By Kelly Jackson Higgins
Everyone's talking about Gigabit Ethernet, but is anyone actually doing anything about it? Even with the wave of Gigabit Ethernet switches hitting corporate networks, few businesses are truly tapping gigabit speed. But then there are pioneers, such as The Designory, which not only is running an operational gigabit backbone, but is pushing its servers, and eventually its desktops, to gigabit, too.
"The way we arrived at our network configuration was all about bandwidth," says Gian Zoppo, IS director for the Long Beach, Calif.-based design firm. One of the largest independent integrated-design firms in the United States, The Designory's high-profile work includes brochures for luxury automakers Porsche and Mercedes, merchandising for Home Savings of America, and Web work for AMP Research's bikes.
The Designory's files are big--some digital images can be as large as 1 GB. With the company's old 10-Mbps shared Ethernet backbone, it could take up to 30 minutes for digital artists to save their massive files. "Users would tend to hold back and not save as often," Zoppo says. "If their workstations crashed, they would lose their work."
The new Gigabit Ethernet backbone, which consists of three Bay Networks Accelar 1200 Layer 3 switches as well as full-duplex, 100-Mbps Ethernet links from the desktop to the backbone, has shaved those file-save times from a half hour to a few minutes or even seconds.
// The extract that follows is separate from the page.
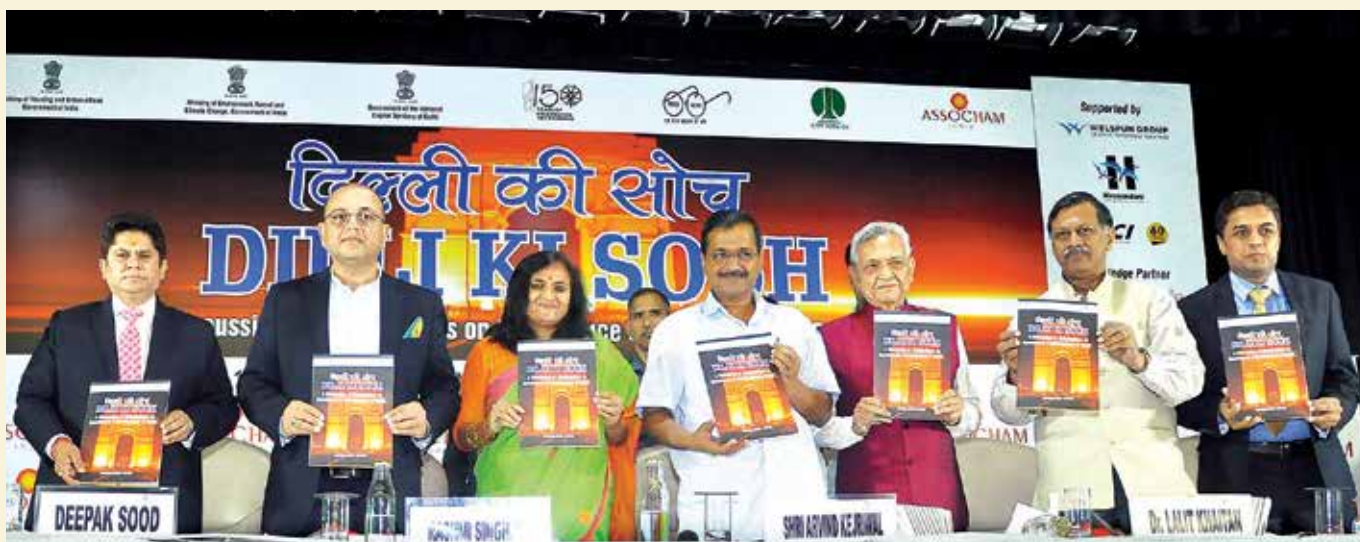
Release of Knowledge Paper by Chief Guest Shri Arvind Kejriwal, Hon'ble Chief Minister, Govt. of NCT of Delhi and Dignitaries at the ASSOCHAM DILLI KI SOCH - A Discussion of Stakeholders on Governance & Development of Delhi held on 16 th October 2019.

Today, artists and designers working on high-end Apple PowerMac 9600s get continuous file transfers of about 6.5 MB per second to the server on average, Zoppo says.
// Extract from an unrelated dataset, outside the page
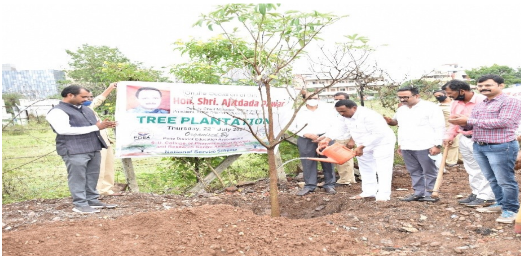
Tree Plantation on the occasion of 62 nd Birthday Celebration of Hon. Shri. Ajitdada Pawar (Dy. Chief Minister of Maharashtra and President- P.D.E.A, Pune)

He says The Designory considered ATM as well as other local high-speed connections such as HPPI (High-Performance Parallel Interface) and Fibre Channel for its backbone, but Gigabit Ethernet was less expensive and required no retraining of the network staff. And The Designory's main operations are all within a single building, so Gigabit Ethernet's physical distance limitations weren't an issue. "We didn't want to redesign our network--Ethernet was something we were familiar with," Zoppo says.
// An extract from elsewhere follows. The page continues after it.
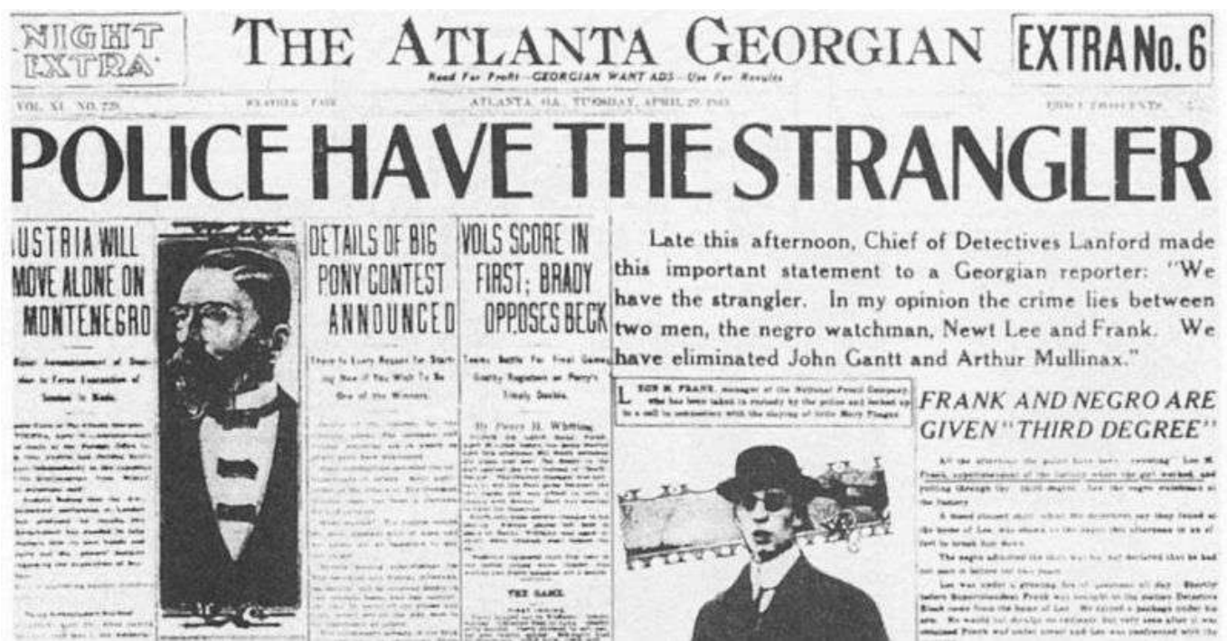
The Atlanta Georgian, April 29, 1913, announcing that the police are closing in on Leo Frank for the murder of Mary Phagan

Meanwhile, there is a noticeable kludge in the Gigabit Ethernet network: the size of the desktop and server machines' data paths. "Even with a gigabit NIC, once you hit the bus, you can only move so much data across that bus to memory or to I/O," says Zoppo. The ideal bus size for The Designory's workstations and server is 64 bits or higher, with OSes and applications capable of taking advantage of it, he says.
And The Designory is still awaiting a native Gigabit Ethernet NIC for its Silicon Graphics Origin2000 server; Zoppo expects to have the gigabit connection to the server up and running this summer. That would replace the 100-Mbps server connection and let the firm begin bringing gigabit down to the desktop. "Achieving gigabit to the desktop is going to allow us to help define the design process in the next millennium," Zoppo says.